I couldn't stand watching that bloodbath even though the elephant was a miniature stop-action replica. It's obvious Ray Harryhausan has some psychological hatred towards elephants (see "The Valley of Gwangi").
I wonder what happened? Did an elephant destroy Harryhausan's house or did it step on one of his relatives?
Imagine if they remade the movie in this day and age: that elephant would probably be trained to "mentor" the ymir-help it eat it's sulfur & maybe spray water into it's mouth and bathe it; they'd be 'buddies' until such time the Ymir suddenly grows too large.

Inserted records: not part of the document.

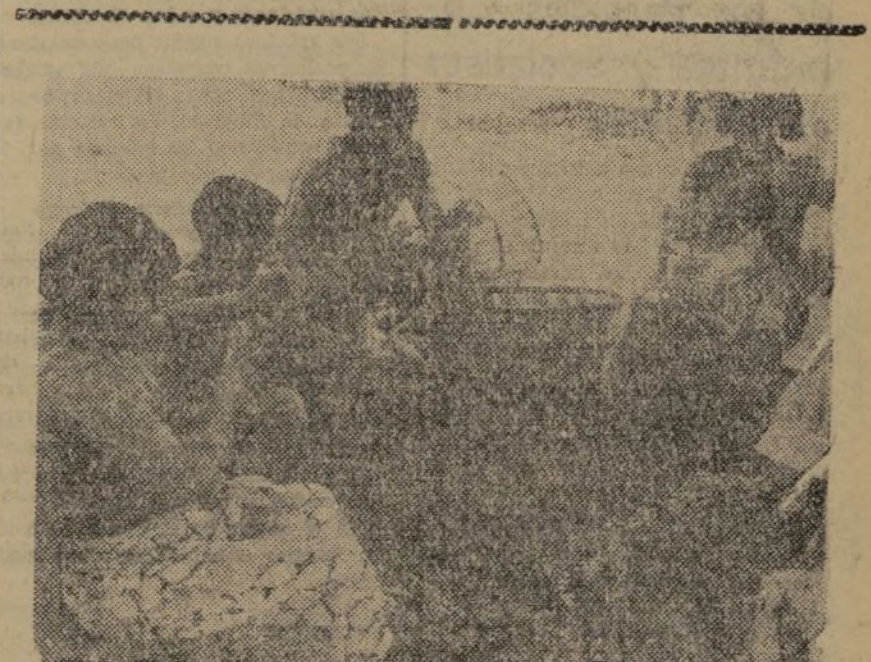
ALGUNOS MUCHACHOS COLABORAN EN LA TAREA DEL ENCASE. PERO LAS MUJERES TRABAJAN RAPIDAMENTE Y BIEN

Considera particularmente feliz el que sea precisamente en estos días cuando la Unión haga oír en Ginebra su gran voz en favor de la paz y de la justicia internacional, que es la voz de todos los pueblos que no se baten hundidos en la ignominia y en la insoportable moral y que es también la voz mayoritaria de Europa y del mundo, más fuerte y más potente que todas las habilidades de las Cancillerías.—Fabra.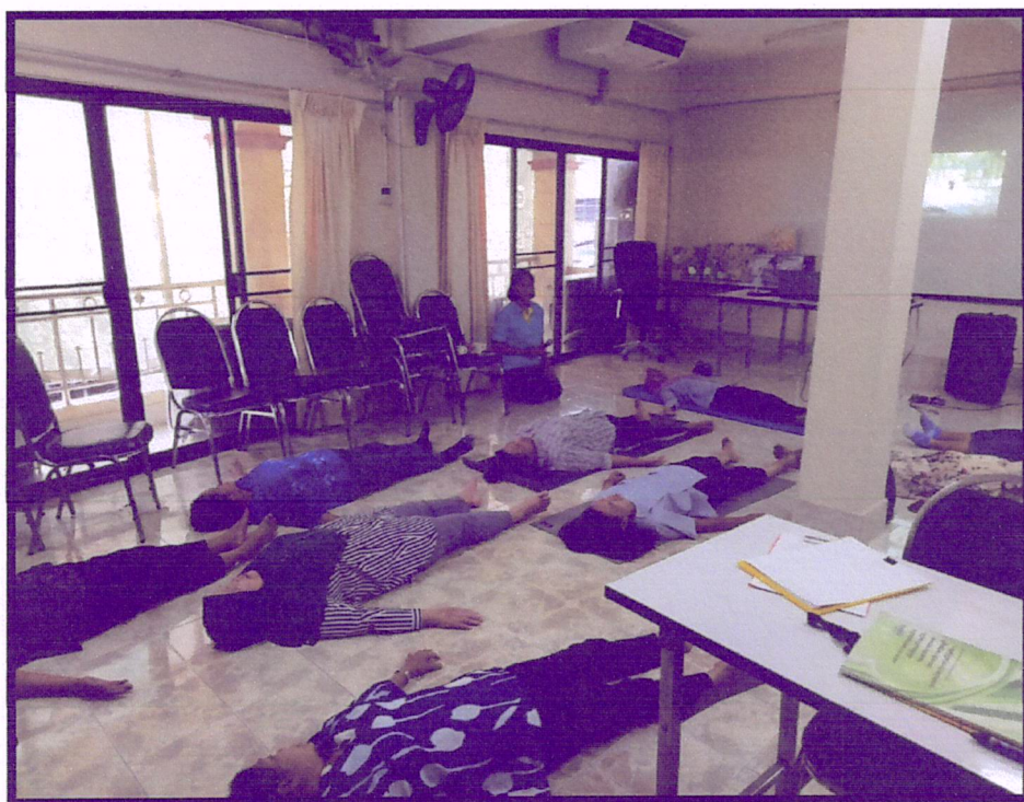
ภาพที่ 4 จัดอบรมและฝึกปฏิบัติการทำโยคะ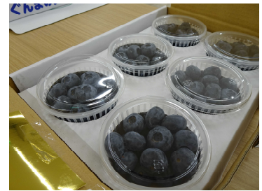
上位入賞したブルーベリー(R3年)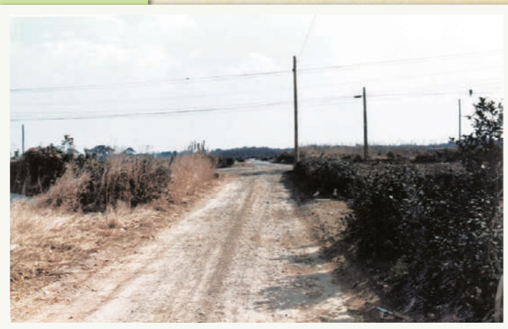
藤久保の鎌倉街道の様子です。未舗装で交差点には信号もなく、古道の面影が残ります。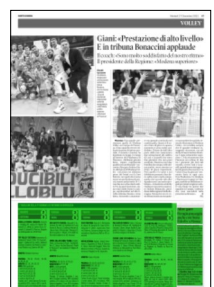
Superficie 31 %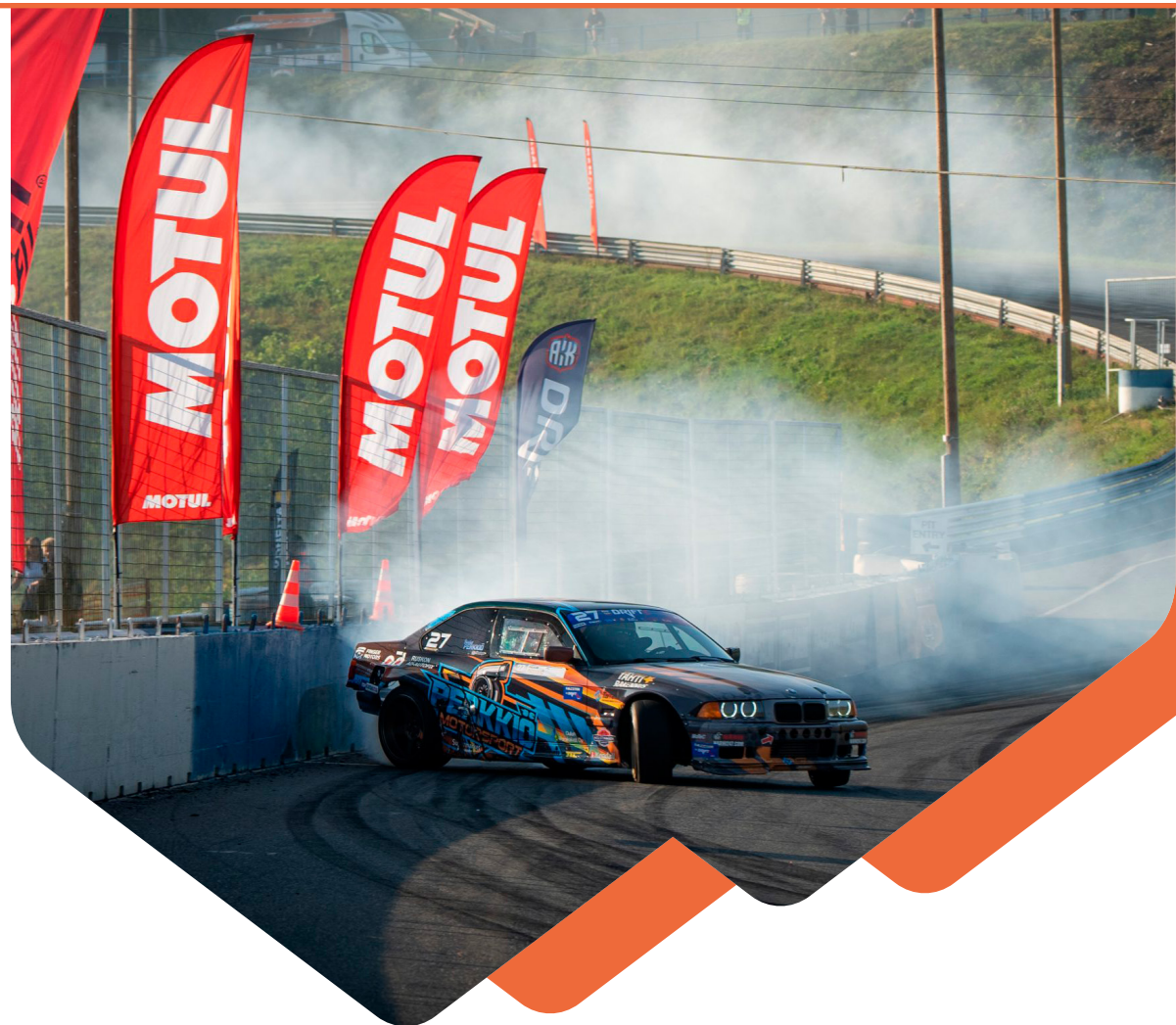
Drift Masters Ahvenisto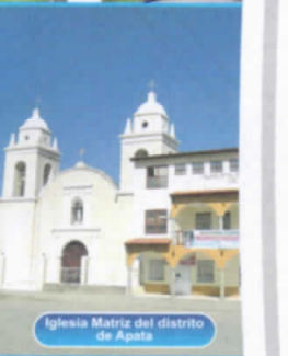
Iglesia Matriz del distrito de Apata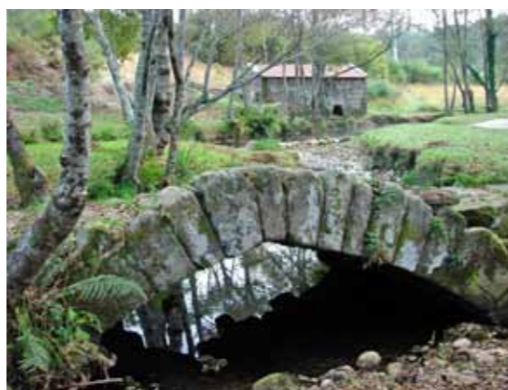
Recuperación de patrimonio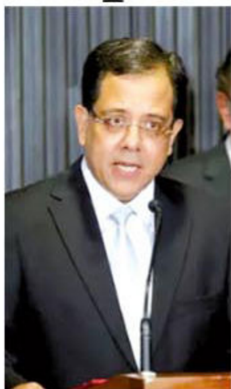
Ministro Sérgio Banhos

Na consulta, o PSD também perguntou se seria permitido o pagamento, mediante Pix, pelas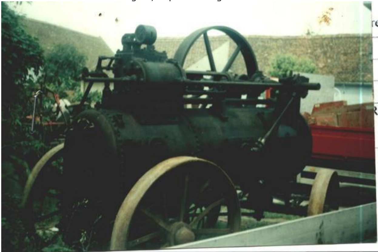
Locomobil, construit în 1910-1920 în Anglia, exportat ilegal.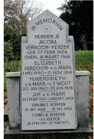
Grafmonumenten voor en na de opknapbeurt, 2022.

kunnen daarbij adviseren. Hieronder een voorbeeld van een verwaarloosd aangetroffen graf en het resultaat van het herstel door de HVV-Werkgroep Emaus.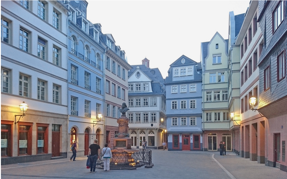
Abb. 1: Frankfurt am Main, Blick in die 2018 fertiggestellte »Neue Altstadt« (Foto: Matthias Müller).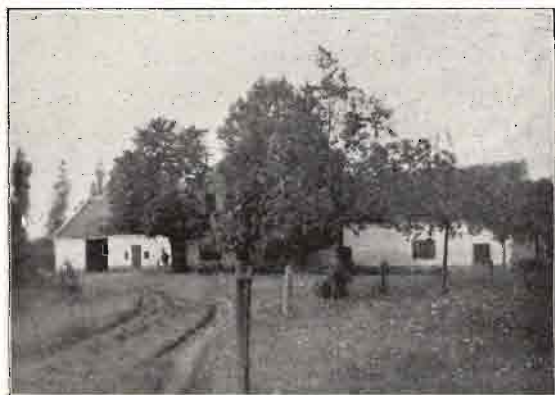
LINDENHOF TE ALT-WEERT.

historie, maar van zoo'n vertelsel kan iets waar zijn. Heel krap heeft er de kapel wel nooit bijgezeten. De H. Antonius, Abt. evenals zijn Naamgenoot van Padua, is nu beslist „ein gooi kroekèr”, een goede Voorspreker, zegt het geloovige volk.

I know it's silly but after all the alien is not aggressive unless harassed and elephants are pretty 'intelligent' so who knows?
Why can't you wretched prey creatures understand that the Universe doesn't owe you anything!?
That actually isn't a bad idea... I mean, what if when the Ymir breaks out, the people fear that it will kill the animals at the zoo, but when they come out they find the elephant not paying attention to it because it doesn't see Ymir as a threat. Or maybe they are playing or something. It would give a larger emotional impact when the Ymir is killed because it would be even more innocent and even less of a threat. It already was killed as a misunderstood creature, but there was still a "justifiable" reason for killing the Ymir. With this, the people and the audience would see how innocent it is.
To me the Ymir is like Kong or 'The Beast from 20,000 Fathoms' or even Goji...they didn't ask to be reawakened, brought to the bid bad city or resurrected, but they are too dangerous to allow to run loose-unfortunately.
Why can't you wretched prey creatures understand that the Universe doesn't owe you anything!?
Yeah that's how I saw them too. As the director of "Gojira (1954)" Ishiro Honda said: "Monsters are born too tall, too strong, too heavy, that is their tragedy."